Does Pit (grill, box), and one meat probe. Sufficient for me.
But we grow, and we need more options.

So today (in record time) I received my Inkbird IBT 4XP. ($51.99, bottom line with discount, free shipping) I had already downloaded the app for my phone (Android), (free).
It took me a little bit to get the blue tooth figured out, but I got there. I'm really happy with it as well. Several interesting and easy ways to program each probe. And Delighted to find it has cold smoking, warm smoking, and hot smoking temperature programs in it. As well as damn near anything else you might want to cook.
But I feel Inkbird did their homework to entice us Smoker/Bar-B-Quer's.
It has 4 probes, but note that one is a grill probe, and 3 are meat probes. And comes with 2 clips, which I thought nice.

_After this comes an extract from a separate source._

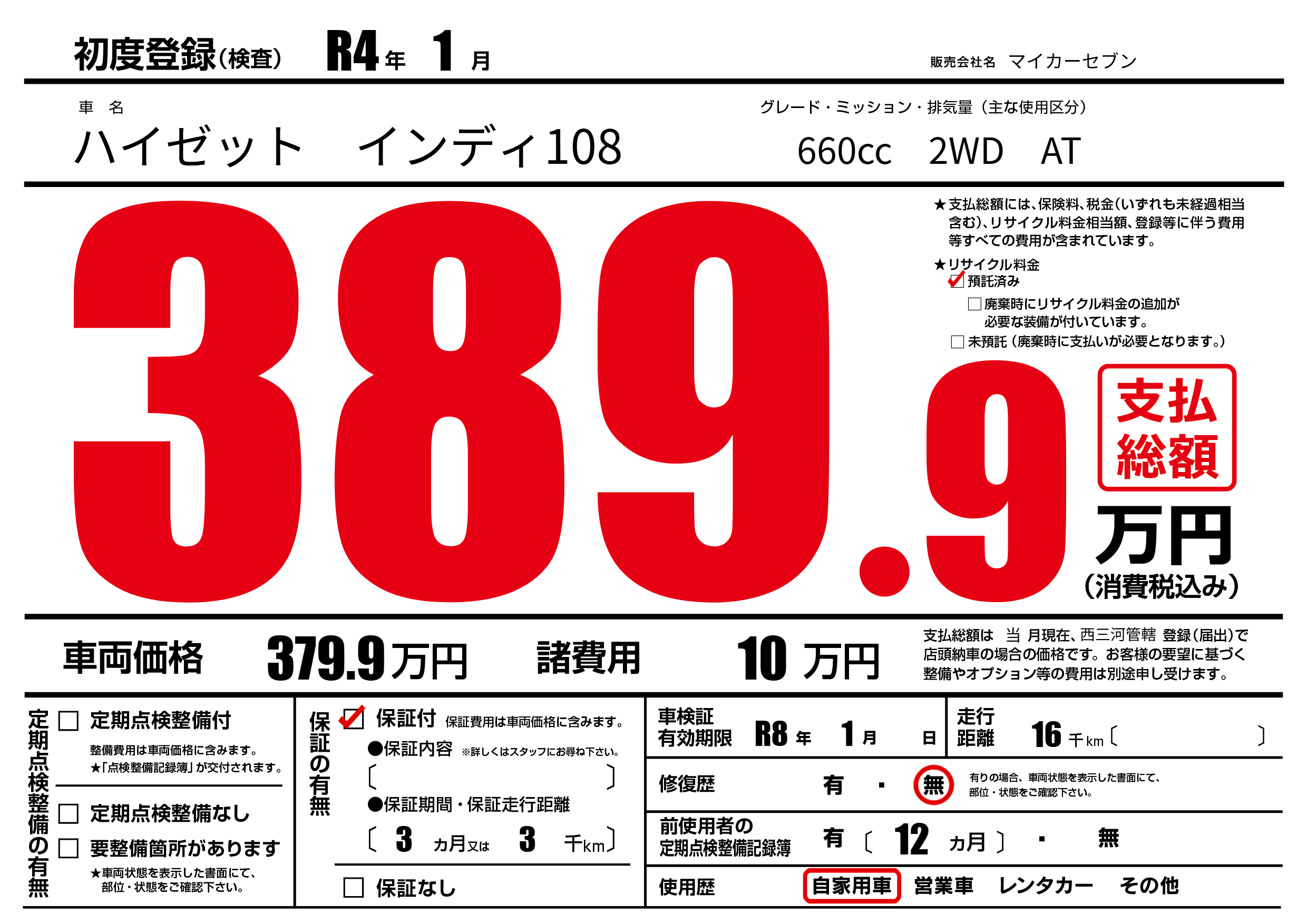 | 車名 | ハイゼット インディ108 | グレード ミッション 排気量 |

I have 4 slabs curing and will be smokin bacon real soon and thought I'd run the Inkbird and TP-08 head to head.
Although I will be cold smoking this bacon batch, then a finish blast, I still want to monitor as many aspects as I can.
I haven't but scratched the surface yet, but the smart phone app also appears to have a graph feature to show the temperature progression. I have no idea if it is savable, or can be posted like the Fireboard can.
The alarms are, well, alarming. They make your phone sound an alarm, but also vibrate your phone. Tends to get your attention.
One day soon I hope to get to use it in the real world and smoke up the SS wiring and Probes.


----------



## smokeydez (Nov 22, 2018)

I purchased an Inkbird IBT-4XS to use with my WSM. I am not impressed! There are 4 probes and one is being used as an ambient temp gauge for the smoker temp. The probe is mounted to one of the supplied metal clips on the bottom of the top grill. The temp being measured is 20 degrees off from the built-in analog thermometer on the WSM.













Image



__ smokeydez
__ Nov 22, 2018


----------



## SonnyE (Nov 22, 2018)

smokeydez said:


> I purchased an Inkbird IBT-4XS to use with my WSM. I am not impressed! There are 4 probes and one is being used as an ambient temp gauge for the smoker temp. The probe is mounted to one of the supplied metal clips on the bottom of the top grill. The temp being measured is 20 degrees off from the built-in analog thermometer on the WSM.
> 
> 
> 
> ...



When was the last time you tested the Weber thermometer for accuracy?


----------



## Winterrider (Nov 22, 2018)

Use Maverick 733 and Thermpro 20. Really like both, the Thermpro is quite a bit easier to set if setting high/low temp alarms.


----------